We remember boxes of munchkins brought into school for birthdays. We remember cardboard boxes at family gatherings, the disappointment of finding only plain glazed because we were too late to the bounty. We remember our grandmother sneaking us a second after mom said one was enough. I remember The Donut Dip in West Springfield, Massachusetts, my girlfriend remembers Fox’s Donut Den in Nashville, maybe you remember Peter Pan, here in Greenpoint.



That’s the lasting power of the doughnut. Pick one up and look through its hole at your life. You don’t remember the doughnut itself—you remember where you were, who you were with, and how it made you feel. The doughnut itself is impermanent after all; I ate those hot Krispy Kremes in mere seconds. The hole is what remains of the whole thing; you cannot eat what isn’t there.

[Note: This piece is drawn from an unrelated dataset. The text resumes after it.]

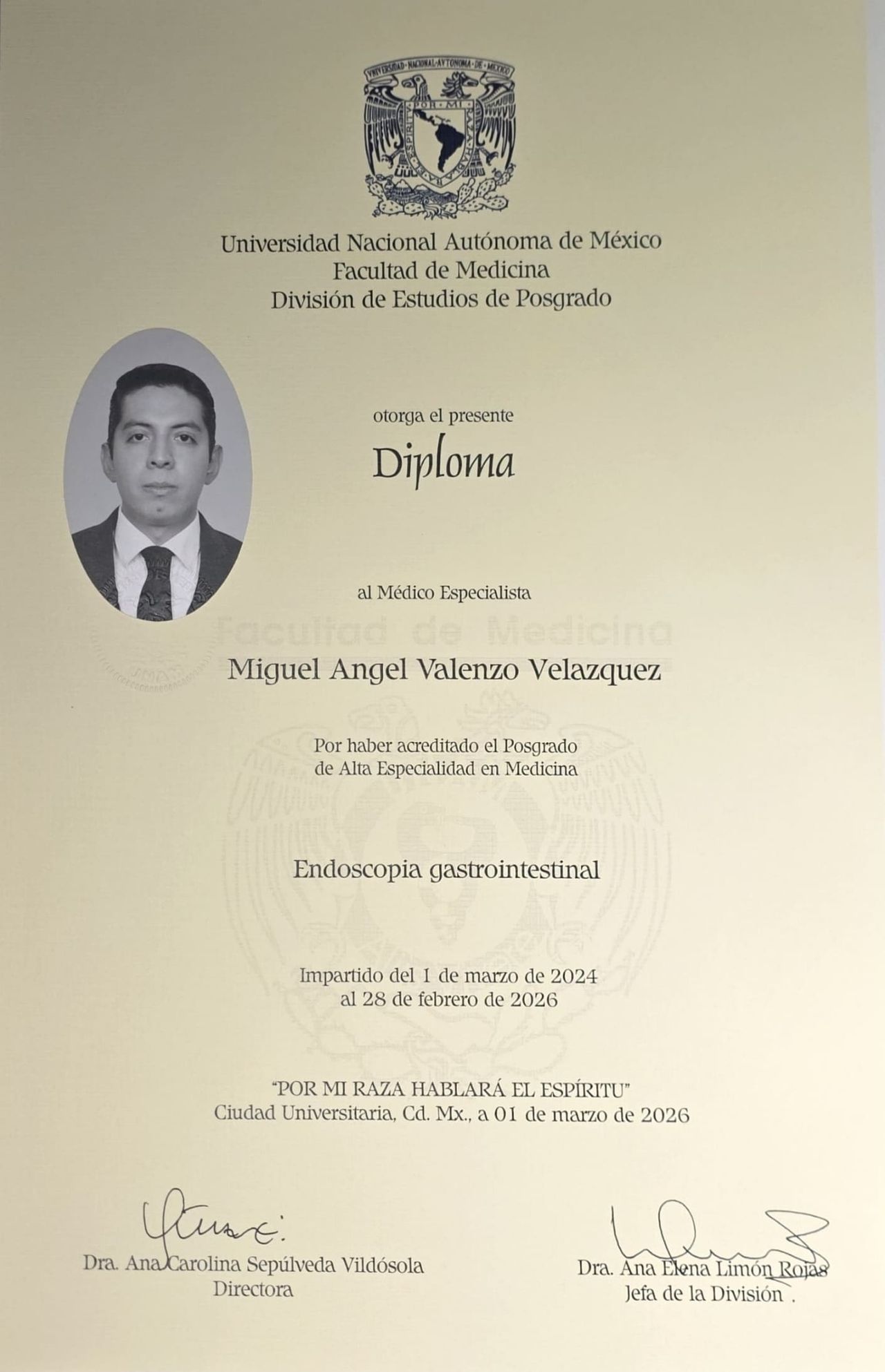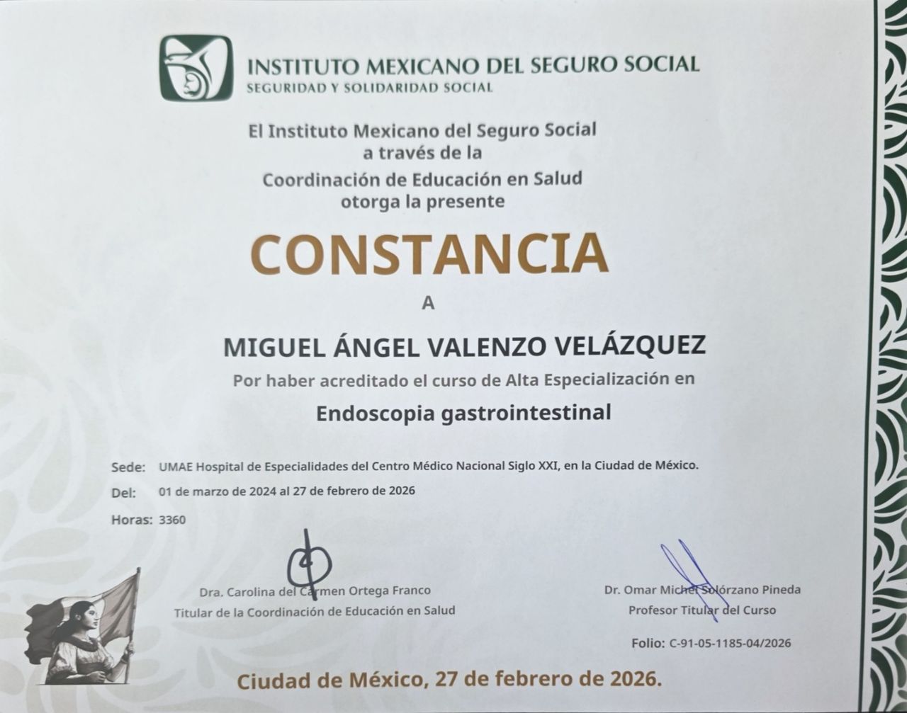 Especialista en Gastroenterología, egresado del Centro Médico Nacional de Occidente. Certificado por el Consejo Mexicano de Gastroenterología. Endoscopia Digestiva en Centro Médico Nacional Siglo XXI, avalado por la Universidad Nacional Autónoma de México.

Dig in and have another; purple is a fruit after all.
Ode To The Pine Nut Tart
—Katherine Nevils, line cook
The pine nut tart is off the menu And I never seemed to get it right I studied books and temperatures and techniques It wouldn’t settle the way I knew it should I’ve always had a complicated relationship with my desserts Growing up it was hiding skinny cow bars from my sister who was getting too round The same chocolate cake for every family birthday Dunkin’ Donuts after church And not much else Spending money Spending calories Whatever we could afford The first day I got to New York I met a friend at a cake shop at 11AM Which I thought was strange She said life is short and hardly sweet these days We eat cake for breakfast I still can’t afford it But we deserve indulgence In the goodness of just being good In the pursuit of trying to be well Making room when you are already full Now I order dessert every chance I can I let myself slow down I bring the boil to a simmer As it turns out that’s all I really needed For the pine nut tart to settle
WWYD: What Would You Discofy?
Over at Eater NY Diana Hubbell did a great piece on the treasured sparkly masterpieces of our friend Tira Johnson, bev director at Chez Fifi, Sushi Noz, etc., perhaps even better known as the creator of the discofied billy bass that graces our bathroom.
It was a Big Mouth Billy Bass, the mounted animatronic fish that’s been a staple of novelty stores since the late ’90s. But this particular model had one critical difference: mirror ball tiles covered every inch of its polyvinyl chloride body. As Malhotra held the fish aloft, her jaw dropped. The fish, like so many of his brethren before him, began to sing and thrash, his reflective tail glinting in the dim lighting.
Turns out, that’s just one of many disco creations Tira’s adorned with shimmering scales over the years—next up, custom creations for Gigi’s and Fooq’s. She’s even discofied playlists. Years ago, Nikita asked Tira to create a disco playlist for a sake takeover at Ko.
In honor of singing and thrashing, of things that make us happy, of glinting through darkness, here’s that very same playlist:
Dance a little disco, grab a little treat, come in and cap it all off with more dessert—you deserve it.
Before You Go . . .
Substacks on substacks! We sat down with Kristen Hawley over at Expedite to answer some questions about our zine dreams.
We found ourselves in FOUND, in great company at The Angel, and popping up in the neighborhood over at Feed Me.
Right on theme, Bettina Makalintal’s lovely Eater NY review says not to skip dessert! Haven’t we established life’s too short?
Whether you take a doughnut hole as a blank space or as an entity unto itself is a purely metaphysical question and does not affect the taste of the doughnut one bit.